- Born: October 25, 1927 London, Ontario, Canada
- Died: April 22, 2024 (aged 96) Vancouver Island, British Columbia, Canada
- Occupation: Sportscaster
- Years active: 1948–1996, 2000–2001
- Awards: Foster Hewitt Memorial Award (1993)

= Al Shaver =

Canadian sportscaster (1927–2024)

Allan Nelles Walter Shaver (October 25, 1927 – April 22, 2024) was a Canadian sportscaster who covered the Minnesota North Stars. He won the Foster Hewitt Memorial Award in 1993 and is a member of the media section of the Hockey Hall of Fame. He was also a member of the Minnesota Broadcasting Hall of Fame.

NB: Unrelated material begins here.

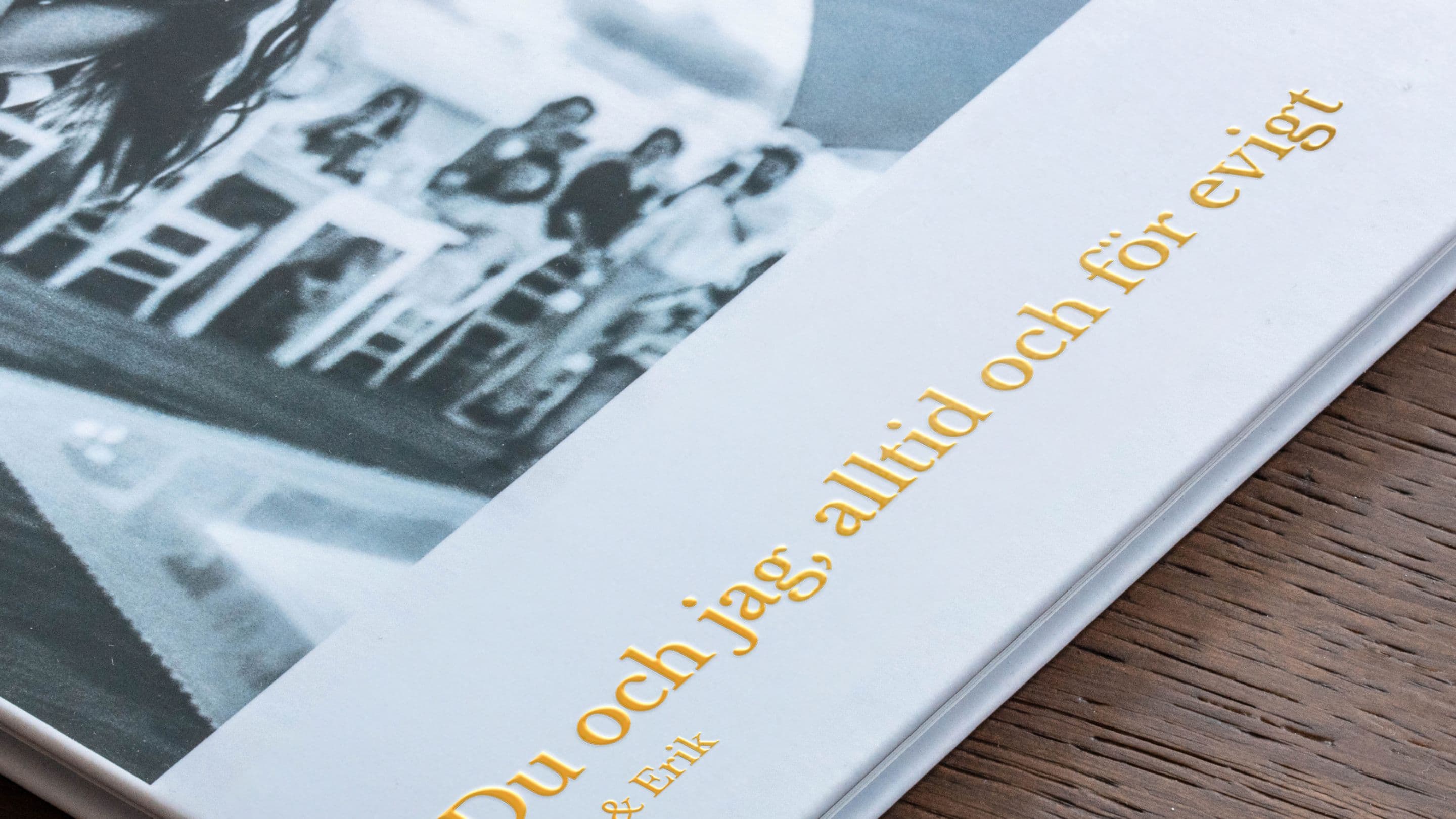 Lyft ditt bröllopsalbum med lyxiga foliebokstäver på framsidan och ryggen.

Shaver attended the Lorne Greene Academy of Radio Arts in Toronto, graduating in 1948. He was a play-by-play announcer for radio and television stations in Guelph, Ontario (CJOY), Calgary, Alberta (CJCJ), Medicine Hat, Alberta (CHAT), Edmonton, Alberta (CFRN), Montreal, Quebec (CKGM), Windsor, Ontario (CKWW) and Toronto (CKEY) prior to becoming the North Stars' broadcaster in 1967 on WCCO Radio and later KSTP-AM and WAYL-AM.

Shaver did not follow the North Stars when they moved to Dallas in 1993, opting to stay in the Twin Cities. He called University of Minnesota men's hockey for several seasons, then retired in 1996. His son, Wally, and grandson Jason are also sportscasters. The press box at the Grand Casino Arena, home of the Minnesota Wild, is named after him.

Shaver resided in Qualicum Beach, British Columbia, and was married to Shirley until her death in 2019. Shaver died at his home on Vancouver Island, on April 22, 2024, at the age of 96.